__Action item__
Of the entries below, return only those lines from the line with "Тифлокомментарий: цветная фотография." to the line with "Kurtka jezdziecka Pikeur.", exactly, both included.

__Provided data__
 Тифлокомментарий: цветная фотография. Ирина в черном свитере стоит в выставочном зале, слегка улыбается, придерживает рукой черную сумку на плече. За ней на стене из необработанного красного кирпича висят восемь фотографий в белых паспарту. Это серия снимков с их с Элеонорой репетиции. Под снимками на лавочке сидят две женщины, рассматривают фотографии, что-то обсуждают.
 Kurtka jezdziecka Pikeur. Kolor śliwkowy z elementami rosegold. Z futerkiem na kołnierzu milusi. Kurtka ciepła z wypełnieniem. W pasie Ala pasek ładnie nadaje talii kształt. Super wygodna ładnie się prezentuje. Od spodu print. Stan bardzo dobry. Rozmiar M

...

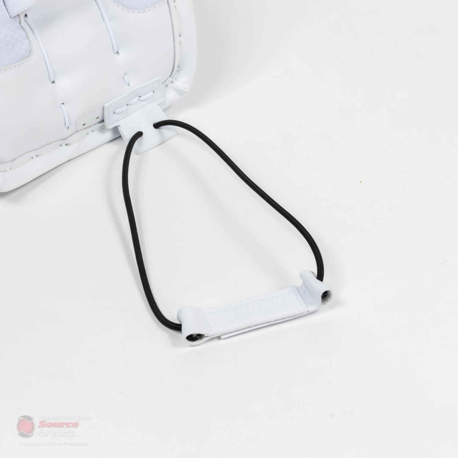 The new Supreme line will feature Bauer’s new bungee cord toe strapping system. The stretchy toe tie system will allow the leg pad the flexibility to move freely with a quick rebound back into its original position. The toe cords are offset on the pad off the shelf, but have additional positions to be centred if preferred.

__Task answer__
 Тифлокомментарий: цветная фотография. Ирина в черном свитере стоит в выставочном зале, слегка улыбается, придерживает рукой черную сумку на плече. За ней на стене из необработанного красного кирпича висят восемь фотографий в белых паспарту. Это серия снимков с их с Элеонорой репетиции. Под снимками на лавочке сидят две женщины, рассматривают фотографии, что-то обсуждают.
 Kurtka jezdziecka Pikeur. Kolor śliwkowy z elementami rosegold. Z futerkiem na kołnierzu milusi. Kurtka ciepła z wypełnieniem. W pasie Ala pasek ładnie nadaje talii kształt. Super wygodna ładnie się prezentuje. Od spodu print. Stan bardzo dobry. Rozmiar M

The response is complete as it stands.